12 Comments leave one →
  1. natascha, jack, maria permalink
    June 10, 2011 1:29 am

    Sitting here with tears streaming down my face as I read how this journey has ended for you – with positive news. I cant tell you how happy we are for you and your family. And jump up and down – you all deserve it.

    Thank you for sharing this journey with us.

  2. June 1, 2011 8:05 pm

    I am so happy for you and your baby girl!! I understand completely what you are saying… I think a lot of parents who have been in your shoes have felt the same way. But try not to dwell on it too much…you are a lucky mama and your girl is even luckier! You shouldn’t have anything more to dwell upon than the joy in today. Such wonderful news!!

  3. May 29, 2011 8:36 am

    I decided to give your blog (well, more you) an award. Pop over to my blog to see it. I don’t care about linking back to me….it is more the message of the award that I am focusing on.
    Katy xxx

    • May 31, 2011 4:22 pm

      woot woot!!!
      Also, I think another little girl I follow lost her hair again….. just so you know.

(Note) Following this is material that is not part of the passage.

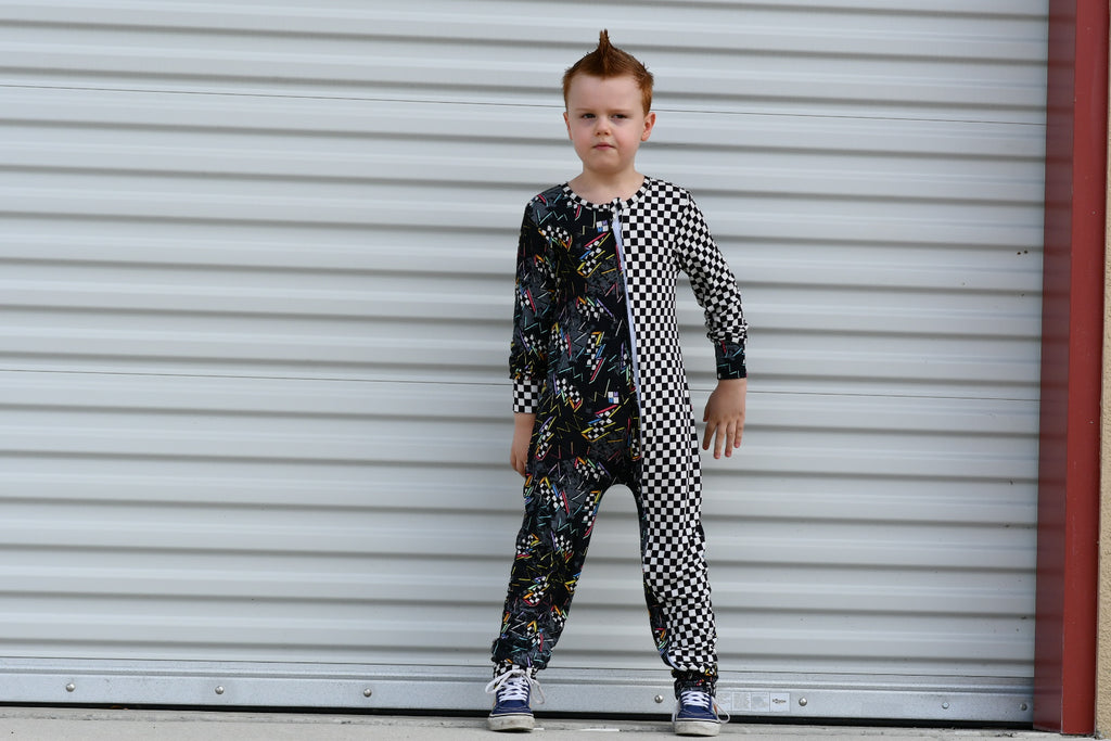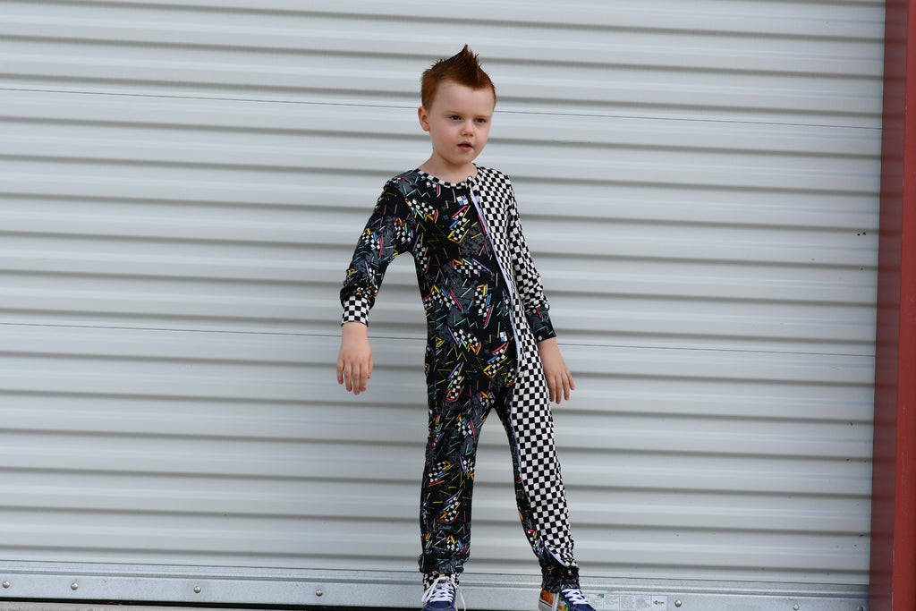 ARROW Zippy are long jammies with double zippers (zips from top and bottom for easy changes!) . Sizes up to 24M have the extra long/folded cuff to fold over their hands and feet.   This style mixes two fun prints for the cutest look for your littles!!

  4. martha williams permalink
    May 25, 2011 1:30 pm

    well said. A journey one could only celebrate. No guilt. When Mark left this world I wanted to ring bells because I knew he was home for sure and never had a chance. Isa had a chance and got to ring her bell and I cannot even begin to say how that makes her grandpa and I feel. She will ring many more bells I feel sure. What a big job for a little girl.

  5. meimeiloca permalink
    May 22, 2011 10:57 pm

    i’m so happy for you and g and money and ISA. i love you jiejie. breathe in the relief today.

  6. christine permalink
    May 22, 2011 12:30 am

    This is the best news ever!!! Take good care of Isa and each other. Give her a big kiss and hug for us. Go have some ice cream or something!! (: XXXXOOOO (one for each of you)

  7. Quinns mama permalink
    May 22, 2011 12:09 am

    Con grads! And yes I get the guilty feeling too. I am afraid that if I celebrate too much I might wake the leukemia gods and they will seek vengeance for getting under their radar. Does that make sense or just sound crazy? I worry about relapse. How can we not? But ot land is a much nicer place. The problem is, now all the emotional crap that we have kept buried starts to surface……

    I am so happy that you are all in ot land now. Please come and visit. I still wanna have a bonfire of medical supplies and use all the pill bottles for target practice.

    • May 25, 2011 12:58 pm

      I will bring my guns… and maybe we could fill bottles with blood… okay, maybe that is WAY too gross.

  8. May 21, 2011 10:57 pm

    Crying here…don’t feel guilty, celebrate…my God you deserve to. I cannot speak for those who lost the fight but I think everyone would want you to shout from the rooftops how amazing it is that the treatment is over, Isa is alive , and you are still sane!

    I wish I could run over and hug you, hug Isa, tell you how wonderful this news is. I am so happy…the tears are blurring my vision (happy tears).

    Jump up and down, shout aloud…you are happy and that is something to cherish, not hide.
    Love and hugs,’Katy xxx

    • May 21, 2011 11:12 pm

      Yes, logically I know that it is, and it isn’t as strong as it was that day for sure. I still wonder if there is another shoe, or if the whole closet has been cleaned out. She’s still getting big bruises, and her platelets must be down. Her spleen is still enlarged, so I guess we’re not out of the woods yet.